The briefing in the case has been extensive. The Climate Law Blog at Columbia Law School’s Center for Climate Change Law has posted excellent summaries of the issues in the utilities‘ and states‘ opening briefs and the utilities’ reply. In addition, the case has drawn 31 separate amicus briefs from a wide range of interests such as the U.S. Chamber of Commerce, National Association of Home Builders, Business Roundtable, Edison Electric Institute, major oil companies, National Automobile Dealers Association, American Trucking Association, Petroleum Marketers Association, CATO Institute and 23 states (all against allowing nuisance claims) to Defenders of Wildlife, Westinghouse Solar, a coalition of religious organizations and four states (in support of permitting nuisance claims).
A New Dynamic
When the utilities, six states (New Jersey and Wisconsin dropped out), land trusts and city argue before the Supreme Court on Tuesday, they will face a different Court than the one that decided Massachusetts. Justice Stevens, the author of the 5-4 majority decision, and Justice Souter, a member of the majority, have been replaced by Justices Sotomayor and Kagan. Only eight of the justices, however, will consider the AEP case because Justice Sotomayor has recused herself due to her participation in the Second Circuit case. That leaves a potential for either a 4-4 tie, which would mean the Second Circuit decision stands, or one of the Massachusetts majority switches sides. Because of this shift, the merits briefing in AEP no doubt has paid careful attention to the dissents in Massachusetts, which focused on the nonjusticiability of the states’ claims regarding standing and injury.

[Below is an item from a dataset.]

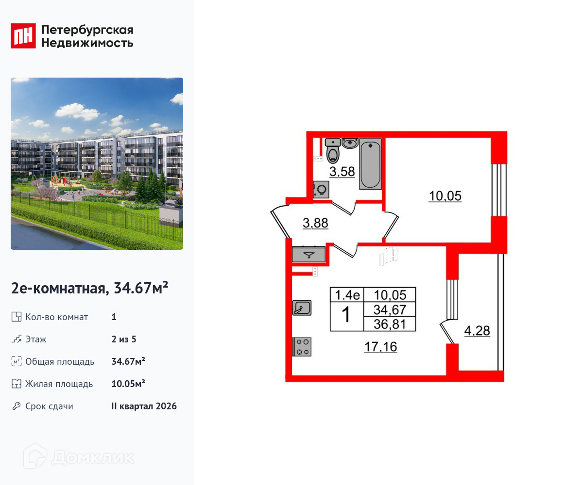 В продаже 1-комнатная квартира в новом жилом комплексе "ЖК Парадный ансамбль" 🏢

Another critical issue not raised by Massachusetts, but which may come up if a majority can get past the standing issue, is whether EPA’s GHG regulations have displaced, or will at some point in the future will displace, any common law claims. Seth Jaffe of Foley Hoag points out the nuances in the parties’ briefs on this issue. The irony is that the displacement argument may be good only so long as the EPA actually is allowed to regulate. In the last budget vote, EPA’s climate change programs took substantial hits and some in Congress are aiming to go even further and enact either a complete ban on EPA regulating GHG or defund the agency’s programs to prevent implementation. If, however, only one of the Justices switches to the Massachusetts dissenters’ position on standing, the Court would not even have to address displacement.
The oral argument on Tuesday should be fascinating and the comments of the Justices will be closely watched for clues as to the outcome, which is expected in June.